The Genetic Hypothesis
This hypothesis was proposed for the multifocal fibrosclerosis which is associated with Riedel's thyroiditis.[14]
- The basis of this hypothesis was a report of multifocal fibrosclerotic disease in two brothers, whose parents were first cousins. They developed different combinations of the multifocal fibrosclerotic disease and a familial multifocal fibrosclerosis was hypothesized.

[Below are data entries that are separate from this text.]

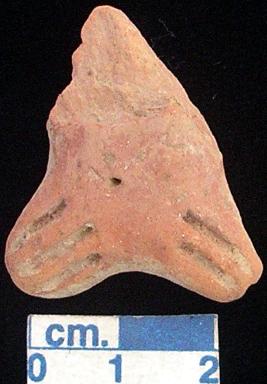 | Description / विवरण | A terracotta archaic human figurine, red, upper portion is broken, pin hole navel, short wide bridged stumpy legs with three incised lines in right one and two incised lines in left one, treated with red wash, handmade. |
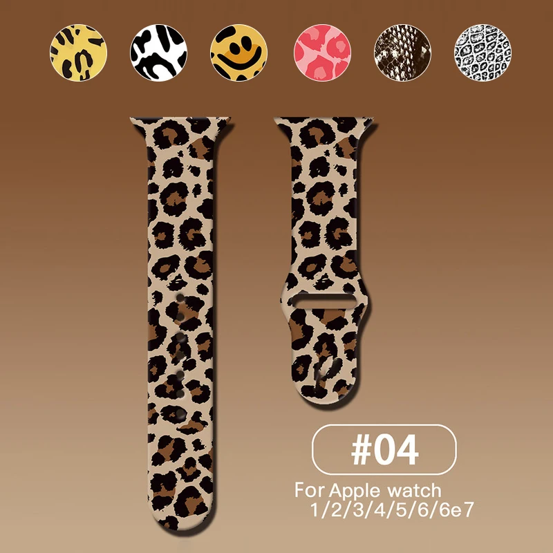 Браслет с леопардовым принтом для Apple Watch Band 44 мм 40 мм 38 мм 42 мм ремень для iWatch Series 6 SE 5 4 3 2 1 Женский силиконовый ремешок 7 41 мм 45 мм
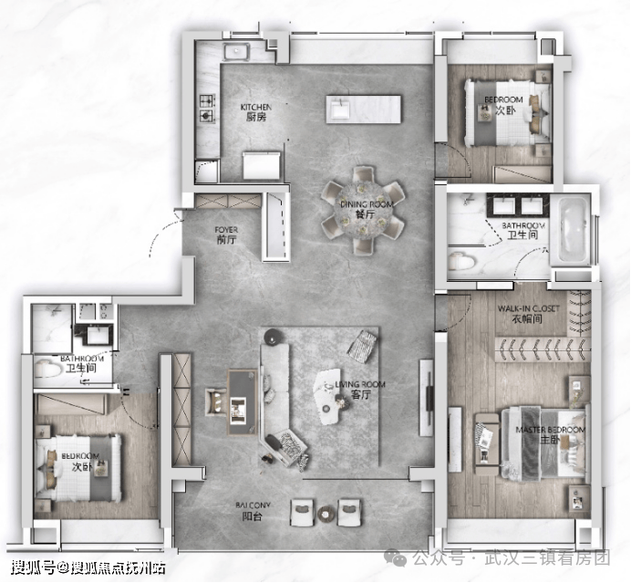 270°转角阳台,方正空间布局,南北双阳台酒店式双套房设计,建面约43㎡主卧尺度双衣帽间、主卫双台盆及五件套约5.1米客厅开间,阔藏大师园景U型中厨,西厨独立岛台,无国界烹饪之遇
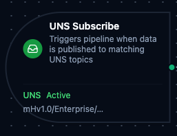 3. Data Payload Passthrough Incoming UNS data (topic, payload, and timestamp) is passed directly to the pipeline, making it available to all downstream nodes via the $trigger variable.
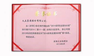 由《浙商》杂志推出的“2014浙商天下500强”排行榜于2014(第十一届)浙商大会宣布。。。。。。。。
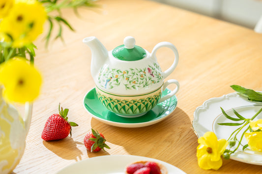 Emerald Geo Bloom Fine Porcelain Tea For One Set
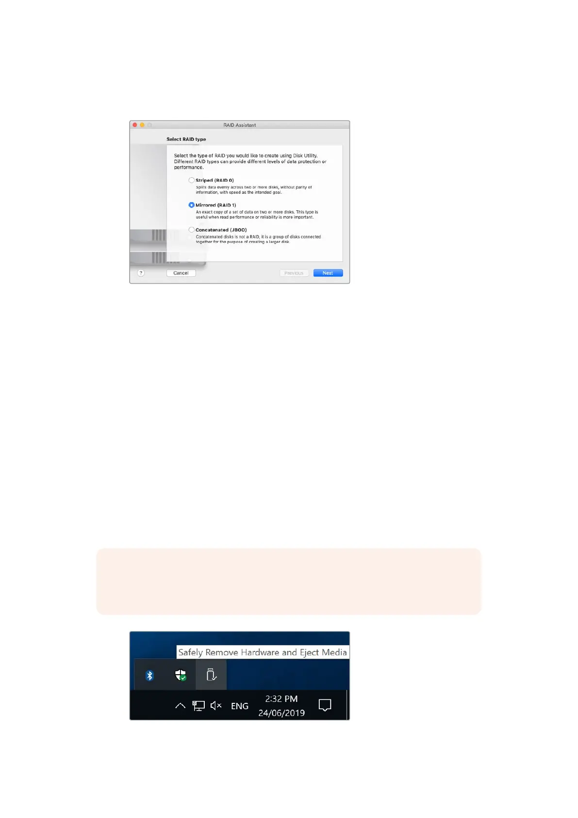 NOTE When using a RAID it’s important eject the drives before unplugging the RAID

- It was thought that genetic factors might have played a partial role in an enzymatic defect in the tryptophan → serotonin → 5-hydroxyindolacetic acid pathway. However, such a relationship has never been proven, and the siblings described remain the only case of familial multifocal fibrosclerosis reported in the literature.
The Intrathyroidal hypothesis
Riedel's thyroiditis is associated with Hashimoto's thyroiditis and de Quervain's thyroiditis.[15]

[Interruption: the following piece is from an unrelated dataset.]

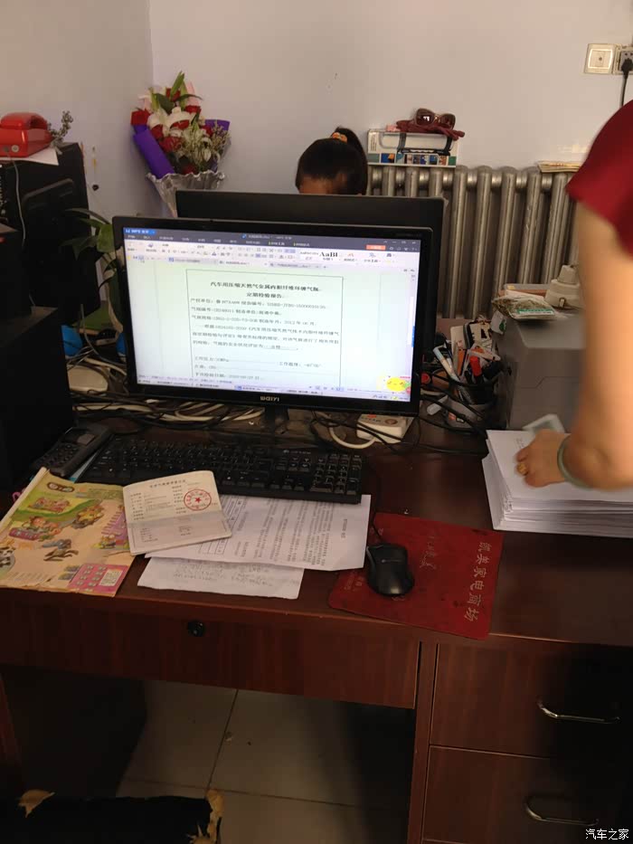 先说说一说我的车吧,桑塔纳志俊,2011年9月份购买,在2012年6月份改的天然气,当时改气的时候跑了10000左右,现在已经平安行驶了75000KM了。依然表现很出色,这不是前几天气瓶检验日期到了,该年检了,如果不年检,过了检验日期以后,电子标签在CNG加气站是扫描不出来的。我在年检的前一天提前和检查站的工作人员电话联系了一下,周六周日也可以正常审验,大约3个小时,因为上午还有别的事,所以我赶着他8点上班以前就到了检验站了。对了 现在的检验规定是 3-3-2-2-1-1…… 就是新瓶刚装的时候,可以使用三年,第一年年检后,再使用三年,第二次年检可以使用2你那………… ,好像是15年的强制报废期限,说是与车辆的报废标准一样。但是那个工作人员也说这个不一定,说不定三年以后规定就改了。对了,我再年审的时候遇到一个事,有一个车辆改装的气瓶才使用了不到1年,气瓶上面出现了一个黑色的袋装。然后加气站说是气瓶有问题,不给加了。所以希望大家如果想改装的话还是去一些正规的改装店吧。好了不多说了,现在开始上图。第一个是车辆的现在行驶里程 改气后已经跑了7万多了 一直勤勤恳恳的

- It is proposed that Riedel's thyroiditis might represent a late fibrotic stage of subacute or chronic thyroiditis. The fundamental concept of this theory is that the fibrosing process of RT is specific to the thyroid gland.

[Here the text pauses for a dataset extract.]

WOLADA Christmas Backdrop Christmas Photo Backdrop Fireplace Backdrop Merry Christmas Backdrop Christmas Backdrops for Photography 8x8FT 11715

The Pharmacologic Hypothesis
This hypothesis is also proposed primarily for multifocal fibrosclerosis. As Riedel's thyroiditis is associated with multifocal fibrosclerosis this theory might explain the indirect association of Riedel's thyroiditis with drugs.[8][16]
- The production of fibrosis by the drugs might be determined by an increased serum serotonin concentration through competitive inhibition at the serotonin receptor level and a reaction of hypersensitivity causing vasculitis, plasmatic exudation resulting in fibrosis.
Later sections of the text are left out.